> [Data block]
------------------------------
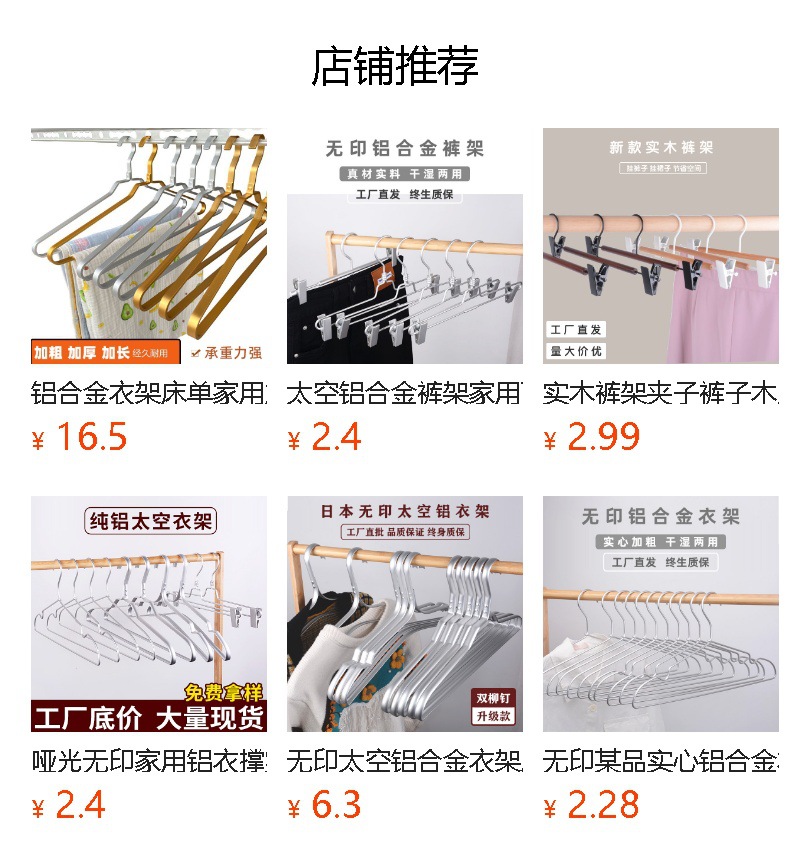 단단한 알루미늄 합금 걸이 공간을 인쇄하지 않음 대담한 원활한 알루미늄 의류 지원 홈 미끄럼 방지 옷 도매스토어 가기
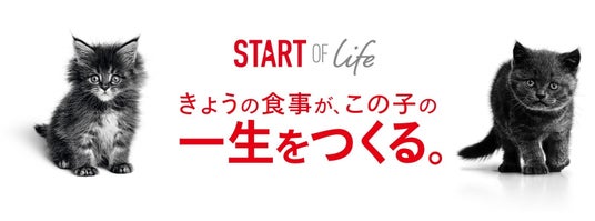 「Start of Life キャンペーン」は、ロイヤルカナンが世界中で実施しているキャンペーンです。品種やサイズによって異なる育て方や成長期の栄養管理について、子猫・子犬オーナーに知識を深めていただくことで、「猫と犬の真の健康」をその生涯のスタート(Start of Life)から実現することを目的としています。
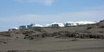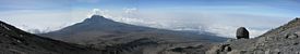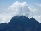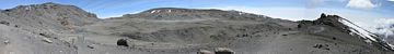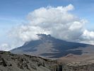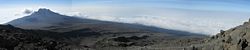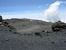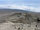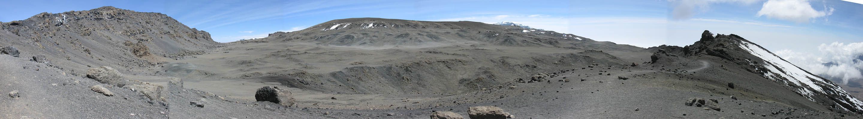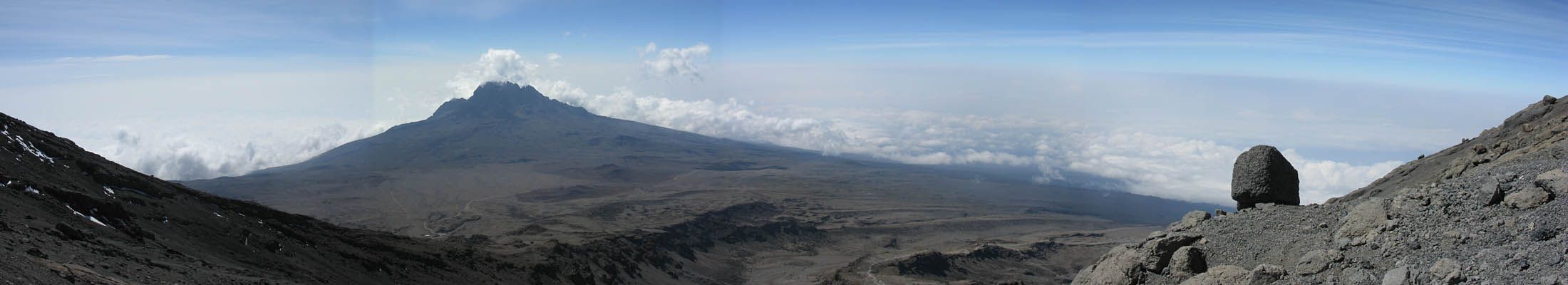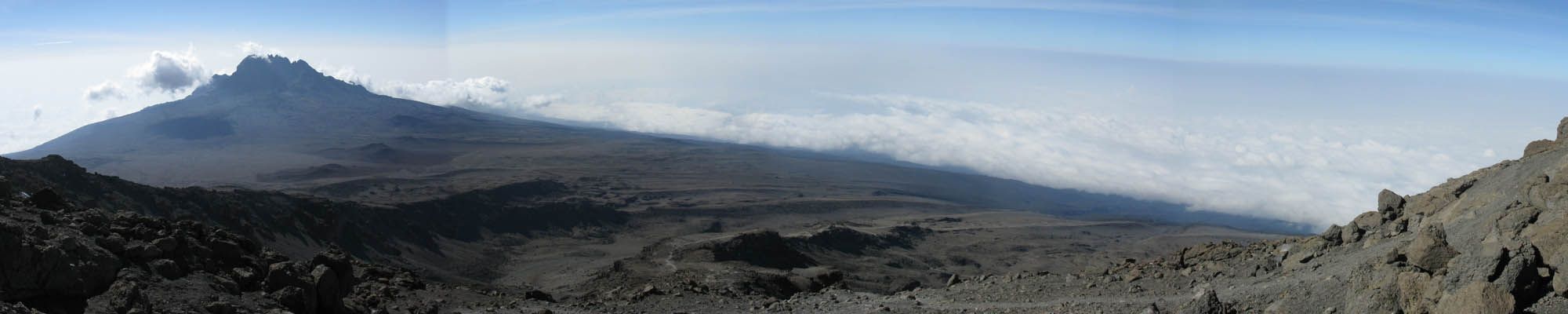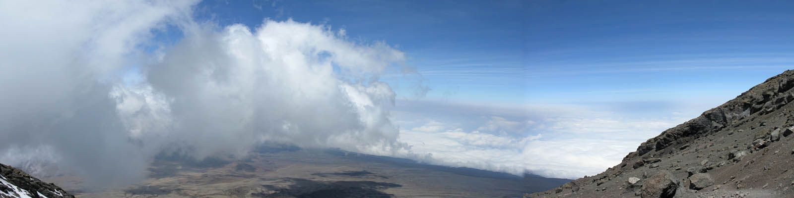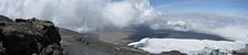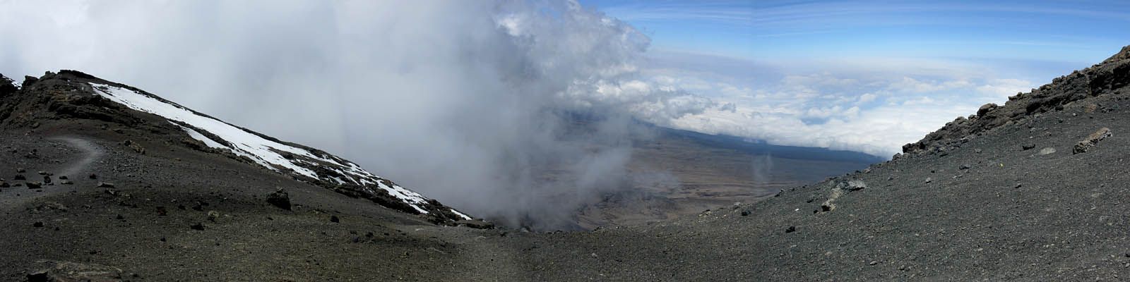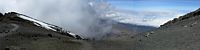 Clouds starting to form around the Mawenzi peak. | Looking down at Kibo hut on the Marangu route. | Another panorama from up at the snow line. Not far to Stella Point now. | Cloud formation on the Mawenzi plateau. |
------------------------------
Leaving the pictures out, write out all the material above exactly.

 단단한 알루미늄 합금 걸이 공간을 인쇄하지 않음 대담한 원활한 알루미늄 의류 지원 홈 미끄럼 방지 옷 도매스토어 가기
 「Start of Life キャンペーン」は、ロイヤルカナンが世界中で実施しているキャンペーンです。品種やサイズによって異なる育て方や成長期の栄養管理について、子猫・子犬オーナーに知識を深めていただくことで、「猫と犬の真の健康」をその生涯のスタート(Start of Life)から実現することを目的としています。
 Clouds starting to form around the Mawenzi peak. | Looking down at Kibo hut on the Marangu route. | Another panorama from up at the snow line. Not far to Stella Point now. | Cloud formation on the Mawenzi plateau. |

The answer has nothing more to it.